Statistical functions
There are four new statistical functions.
CUME_DIST
Calculates the cumulative distribution of a value in a group of values in SQL Server 2012. That is, CUME_DIST computes the relative position of a specified value in a group of values. For a row r, assuming ascending ordering, the CUME_DIST of r is the number of rows with values lower than or equal to the value of r, divided by the number of rows evaluated in the partition or query result set. CUME_DIST is similar to the PERCENT_RANK function.
PERCENTILE_CONT
Calculates a percentile based on a continuous distribution of the column value in SQL Server 2012. The result is interpolated and might not be equal to any of the specific values in the column.
PERCENTILE_DISC
Computes a specific percentile for sorted values in an entire rowset or within distinct partitions of a rowset in SQL Server 2012. For a given percentile value P, PERCENTILE_DISC sorts the values of the expression in the ORDER BY clause and returns the value with the smallest CUME_DIST value (with respect to the same sort specification) that is greater than or equal to P. For example, PERCENTILE_DISC (0.5) will compute the 50th percentile (that is, the median) of an expression.

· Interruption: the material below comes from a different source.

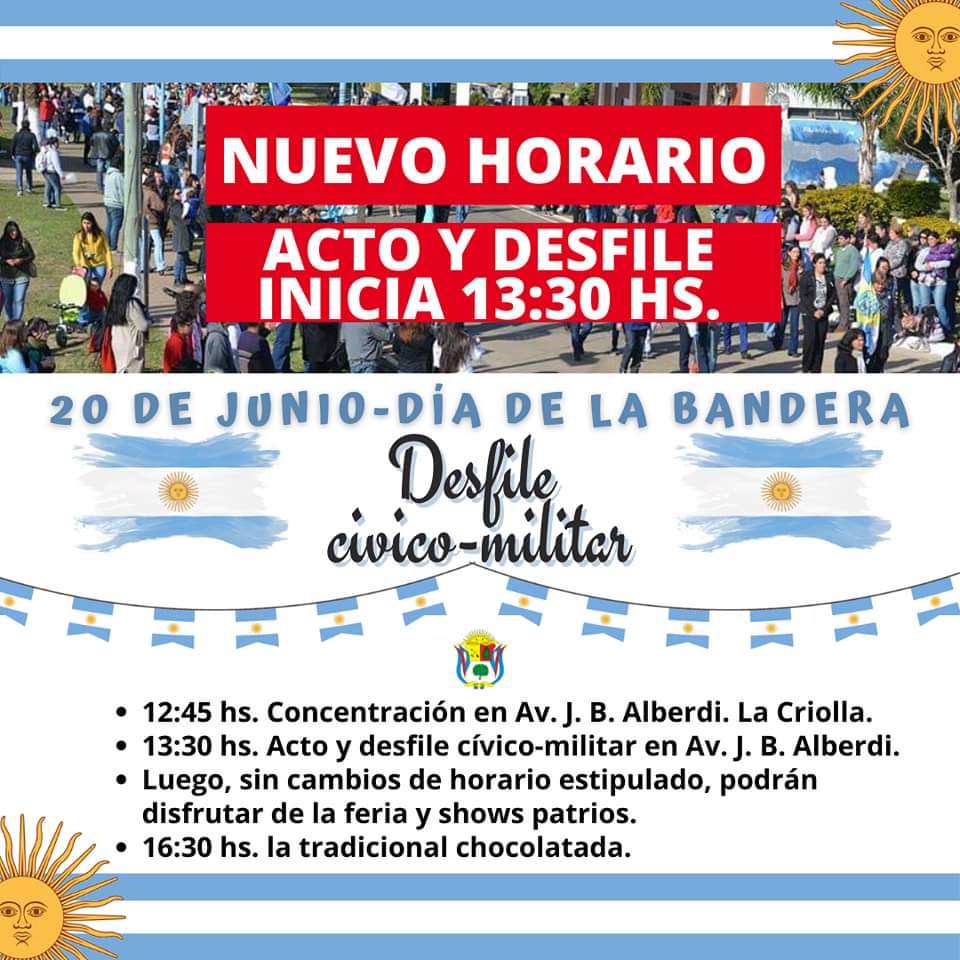 Queremos informar que el ACTO Y DESFILE (en ese orden) del 20 de junio se llevarán a cabo a las 13:30 hs. en la Av. J. B. Alberdi (Fuente del Bicentenario).

PERCENTILE_DISC calculates the percentile based on a discrete distribution of the column values; the result is equal to a specific value in the column. PERCENTILE_CONT interpolates the appropriate value, whether or not it exists in the data set, while PERCENTILE_DISC always returns an actual value from the set, and for this reason, the values between the two functions may differ.
PERCENT_RANK
Calculates the relative rank of a row within a group of rows in SQL Server 2012. Use PERCENT_RANK to evaluate the relative standing of a value within a query result set or partition. PERCENT_RANK is similar to the CUME_DIST function.
Percent rank uses percentages ( that is, a range of 0 to 1 ) to apply a rank. The formula for percent_rank is :
percent_Rank = (rank-1)/(totalRow - 1).
I admit that the definitions above are copied from MSDN, I am not deeply familiar with the use of any of these, but I've included AdventureWorks examples of using all of them in the downloadable SQL file, as a starting point if you want to dig in further. My samples also came from the web ( mostly MSDN ), because, as I said, I don't have a deep understanding of the use of these functions.
Conclusion
Hopefully this article has opened your eyes to some of the things that can be done with windowing functions, which go well beyond creating a simple aggregation of values in a column. They are a very powerful feature in SQL and one you'd do well to become comfortable with using, and understanding.